Neural basis for mutant ATAXIN-1 induced respiratory dysfunction in mouse models of spinocerebellar ataxia type 1.

Abstract

Spinocerebellar ataxia type 1 is a neurodegenerative disease characterized by motor dysfunction and premature death usually from compromised swallowing and respiration. Using plethysmography, we characterized respiration in the conditional f-ATXN1SCA1 model. We found a progressive elevation of baseline respiration that impairs ability of f-ATXN1mice to increase breathing during challenge. To delineate regions contributing to respiratory dysfunction, f-ATXN1mice were crossed with Nestin-Cre and Acta1-Cre mice, respectively.

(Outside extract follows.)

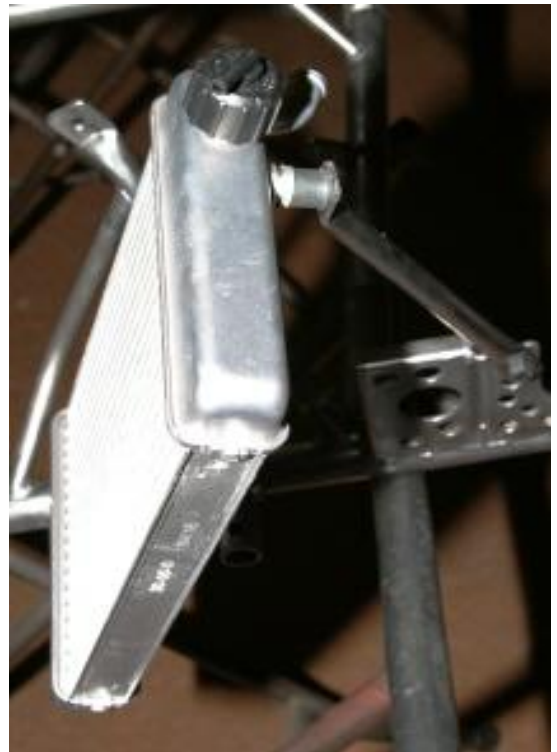
Photo of the frame from the side with the section of the supports for the radiator (radiator mounted)

Respiration improved by removing mATXN1 from neural lineages, but not from skeletal muscle demonstrating mATXN1 in the central nervous system is a key driver of respiratory dysfunction in SCA1 mouse models. Moreover, respiratory dysfunction in SCA1 mice involves two aspects: behavioral dysregulation exhibited as increased movement during plethysmography, and functional dysregulation of respiratory circuitry. As both of these aspects are rescued by deleting mATXN1 from neural cells, we further investigated the role of cerebellar Purkinje cells and chemosensing neurons in the brain stem in SCA1 respiratory phenotype. Our results indicate complex multiregional etiology of respiratory dysfunction. Mechanistically we found that in contrast to most other SCA1 symptoms, nuclear localization of mATXN1 does not play a key role in respiratory dysfunction.